Approximately how long is enough for an 8 oz block of store bought cheese? I've gone as long as 2 hours without much melting. Can I cut back on the smoke time and still get the same flavor, or should I try a different approach?


----------



## deejaydebi (Apr 12, 2007)

DOm -

It depends on what suits you. I usually only go 30 minutes to an hour. But i like a mild smoke on my cheeses.


----------



## domn8_ion (Apr 12, 2007)

Is that store bought, or your homemade cheese?


----------



## deejaydebi (Apr 13, 2007)

Usually homemade - but I did smoke a store bough cheedar once it was good sharp cheedar - 1 lb block done in about 30 minutes.


----------



## domn8_ion (Apr 13, 2007)

Thanks Debi. I think I was just trying too hard. Mine didn't come out bad. Just melted a bit. Last question though. Does your site have a list of which smokes go best with what cheeses. I've already bookmarked it.


----------



## deejaydebi (Apr 14, 2007)

Actually no ... I don't usually tell people what kind of wood to use because we all have our favorites. Some areas are more limited than others.
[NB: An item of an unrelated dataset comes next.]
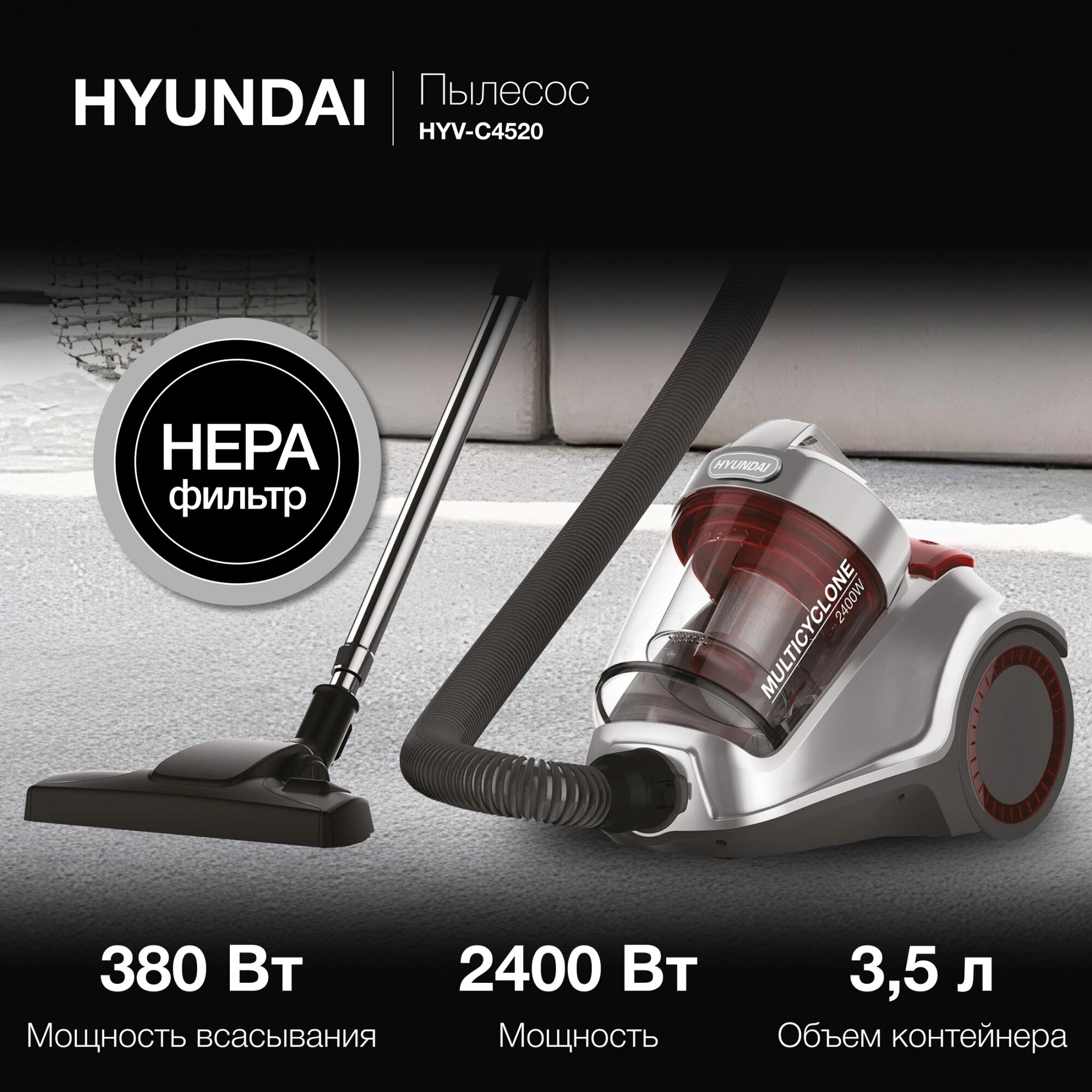 Пылесос HYUNDAI HYV-C4575, 2400 Вт, 380 Вт

I'm partcial to hickory (Which some people say is to strong) but I've used apricot, apple, pear and cherry there all good. I have heard pecan is really good to but I don't have access to that up here.
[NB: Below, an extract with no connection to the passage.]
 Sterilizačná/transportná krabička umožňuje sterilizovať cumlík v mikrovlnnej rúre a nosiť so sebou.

I'll say one thing that some people don't seem to figure out that hate hickory and it aplies to all woods. Smoke light and see how you like it then increase your smoke times as you learn what you like. Meat needs to cook longer than you smoke to smoke sometimes. A long lazy light smoke tastes much better than blasting smoke at your food for short periods. You just barely want to see the smoke rise, tiny delicate wisps ... You'll smell the difference. When it's right it smells like perfume - when it's to much it smells like a house fire!

Have Fun!


----------